Für sie, das spürte ich, war ich der Feind, der verhaßte Zionist, der ihr Volk vertrieben hatte.
Einen Augenblick darauf war Hammami selbst am Telefon. Wo ich wohnte? Ich nannte ihm mein Hotel, das Mount Royal auf der Oxford Street, und meine Zimmernummer. Ob ich am späten Nachmittag in meinem Zimmer sei? Ja, ich würde da sein. Er versprach, noch einmal anzurufen, um Zeit und Ort für unsere Begegnung auszumachen. Es war ein Hauch von Konspiration an seinen Arrangements und erinnerte mich an die alten Irgun-Tage.

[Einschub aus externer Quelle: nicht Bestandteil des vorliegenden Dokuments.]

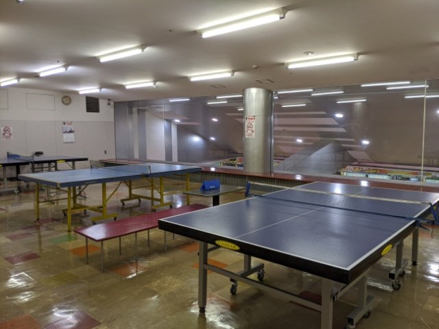 ボーリング場の上には卓球もあります。料金は30分800円。こちらは温泉の館内着ととっても馴染みますね。

Rachel, meine Frau, die bei mir war, hatte für den Abend Theaterkarten gekauft. Zehn Minuten, bevor wir gehen mußten, klingelte das Telefon. Es war Hammami. Er teilte mir mit, daß er in ein paar Minuten bei mir im Zimmer sein werde. Es war eine praktische und vernünftige Vorsichtsmaßnahme.
Rachel ging allein ins Theater. Ich blieb da und dachte: Wenn die ganze Welt eine Bühne ist und alle Männer und Frauen bloß Schauspieler, die auftreten und abgehen, wird sich jetzt hier in diesem kleinen Hotelzimmer eine neue Szene entfalten. Es war der 27. Januar 1975.
*
Da war er also.
Vor meinem inneren Auge blitzte eine Szene aus einem längst vergessenen Buch auf. Während der napoleonischen Kriege mußten zwei Kriegsschiffe, ein englisches, ein französisches, im Hafen einer neutralen Insel Zuflucht suchen. Auf dem Ball, den der Gouverneur gab, trafen sich die Offiziere beider Schiffe in prächtig weißen, goldbetreßten Uniformen, sie tauschten kühle Höflichkeiten aus und flirteten und tanzten mit denselben Mädchen. Hier und da mag ein menschliches Zeichen, ein Blick der Sympathie zwischen zwei feindlichen Offizieren gewechselt worden sein, aber sie wußten alle, daß sie die Insel am anderen Morgen verlassen und aufs neue versuchen würden, einander zu töten. Theoretisch war unsere Situation genau dieselbe. Der Mossad hatte seine Kollegen in Europa getötet und könnte morgen ihn töten. Mein Leben war zu Hause wie das aller anderen von Angriffen der Fedajin bedroht. Mein Flugzeug konnte auf dem Rückflug von seinen Leuten entführt werden. Wir befanden uns im Krieg.
Gleichzeitig aber waren wir Kameraden in einem anderen Kampf, einem Kampf um israelisch-palästinensischen Frieden. Das schuf gleich zu Anfang ein unbestimmtes Gefühl der Kameradschaft. Diese Doppeldeutigkeit prägte all unsere Begegnungen in den folgenden Jahren. Ziemlich oft mußten wir uns bewußt ins Gedächtnis rufen, daß wir - nein, nicht Freunde waren, wir waren Feinde.